Australian private equity and venture capital funds can play a significant role in supporting investment into around 30,000 more domestic businesses, according to the submission lodged today to the Financial System Inquiry by
the Australian Private Equity & Venture Capital Association Limited (AVCAL).

“Private equity funds are currently invested in fewer than 350 businesses in Australia – which means they presently have funding capacity to back less than two percent of the total investable pool of up to 30,000 businesses,” said AVCAL’s Chief Executive, Yasser El-Ansary.

The need to expand the availability of capital to support more Australian businesses in need of growth equity funding is one of the major components of AVCAL’s submission to the Financial System Inquiry.

“For Australian businesses that don’t have access to debt financing from banks, venture capital and private equity funds can help to provide capital and skills to expand business operations and deliver growth in productive output
and employment,” Mr El-Ansary said.

Other areas highlighted in the submission include the need to re-calibrate existing policy settings within the superannuation system to address the imbalance between investment in short-term high liquidity asset classes
(such as equities), versus long-term less liquid asset classes (such as private equity and venture capital).

“Our superannuation savings pool is a vitally important part of the foundation of our financial system now,” said Mr El-Ansary.

“But there is a very clear opportunity to remove roadblocks that deter some superannuation funds from backing private equity and venture capital firms to invest in Australian businesses,” he added.

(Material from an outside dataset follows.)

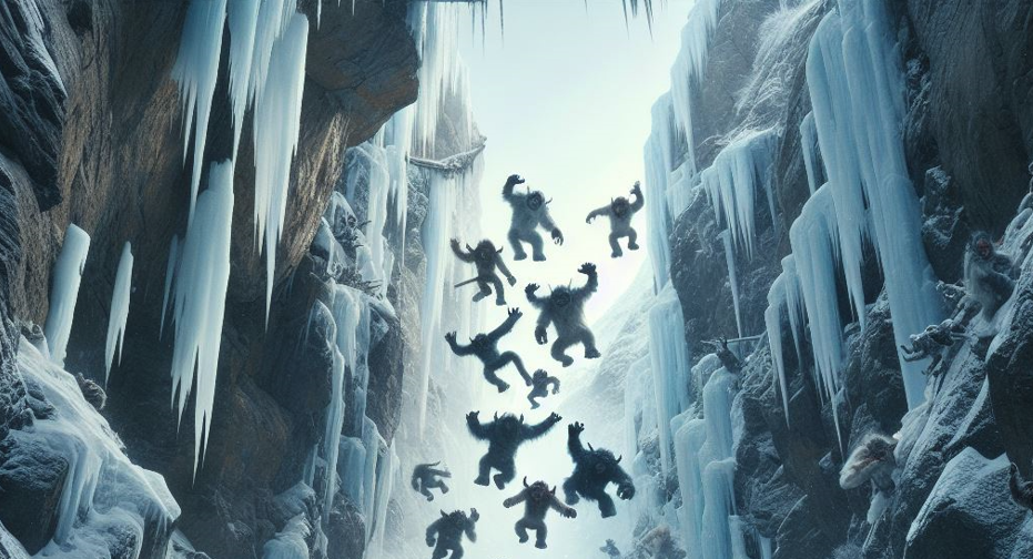 Dopo diversi secondi di planata, sentiamo il tonfo dei troll nel pavimento sottostante, seguiti dal rumore di roccia che si

Other policy reform options within the financial system identified by AVCAL in its submission include:

  • Examining the merits of a liquidity ‘back-stop’ for superannuation funds, to facilitate the holding of higher asset allocations in long-term and less liquid asset classes;
  • Assessing the potential impact of a loan funding scheme for small innovative businesses, modelled on the highly successful tertiary education ‘HECS loan’ scheme policy;
  • Considering implementation of taxation reforms to encourage longer-term investment in assets through changes to the current capital gains tax rules to provide for more generous tax discounts based on five, ten or 15 year holding periods.

AVCAL will continue to actively participate in the consultation processes of the Financial System Inquiry over coming weeks and months to reinforce the importance of policy reforms that help to drive increased long-term investment into Australian businesses through the venture capital and private equity industry.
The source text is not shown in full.